Not a duplicate of the valid move challenge because that asks for specific pieces.

Backstory

The other night I was doing a little trolling with ChatGPT and chess. I was trying to get it to call me out for making illegal moves, as a lot of the time, you can feed it whatever nonsense you want. While doing so, I wondered if it didn't recognise invalid moves because they were technically valid under some board arrangement. I then thought I'd make a code golf challenge.

The Challenge

Given a start and end square on an 8x8 chess board, determine whether the move is possible on any legal chess board.

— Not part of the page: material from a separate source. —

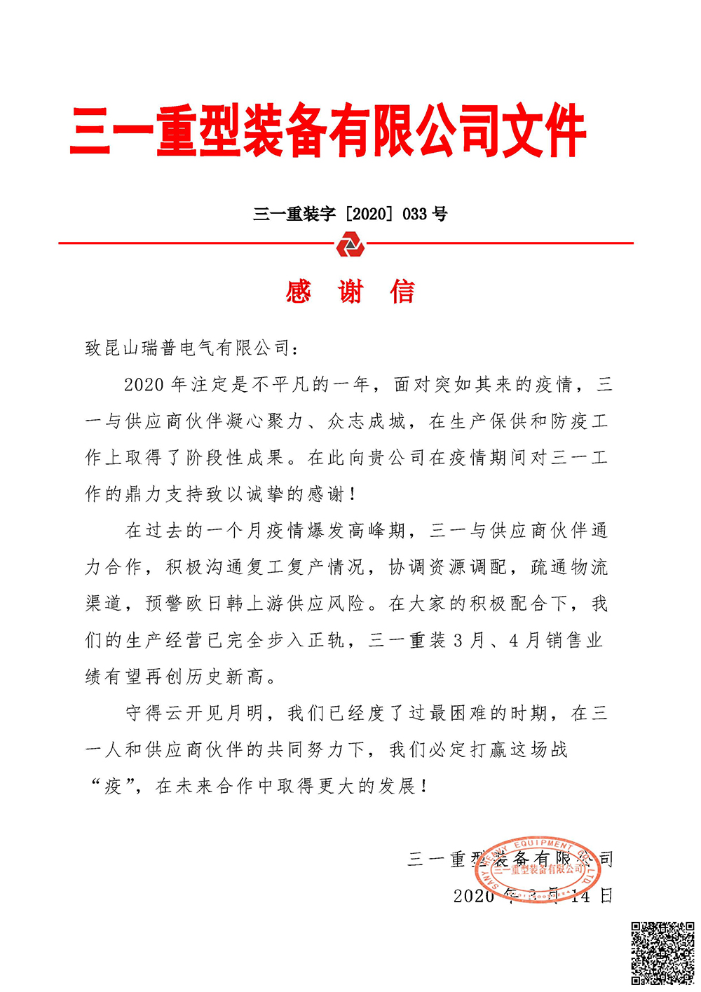 “2020年注定是不平凡的一年,面对突如其来的疫情,三一与供应商伙伴凝心聚力、众志成城,在生产保供和防疫工作上取得了阶段性成果。在此向贵公司在疫情期间对三一工作的鼎力支持致以诚挚的感谢!”。感谢信的背后,是昆山瑞普电气有限公司疫情防控和生产经营两手转、两不误,想兄弟单位之所想,急兄弟单位之所急。

Alternatively, can any kind of piece make a move from the start square to the end square.

Chess Pieces

For this challenge, you only need to know how the knight and queen move. King and pawn moves can be considered equivalent to a queen moving a single square. A rook move is a queen move restricted to vertical and horizontal movement. A bishop move is a queen move restricted to diagonal movement. Castling and En Passant (holy hell) aren't relevant either.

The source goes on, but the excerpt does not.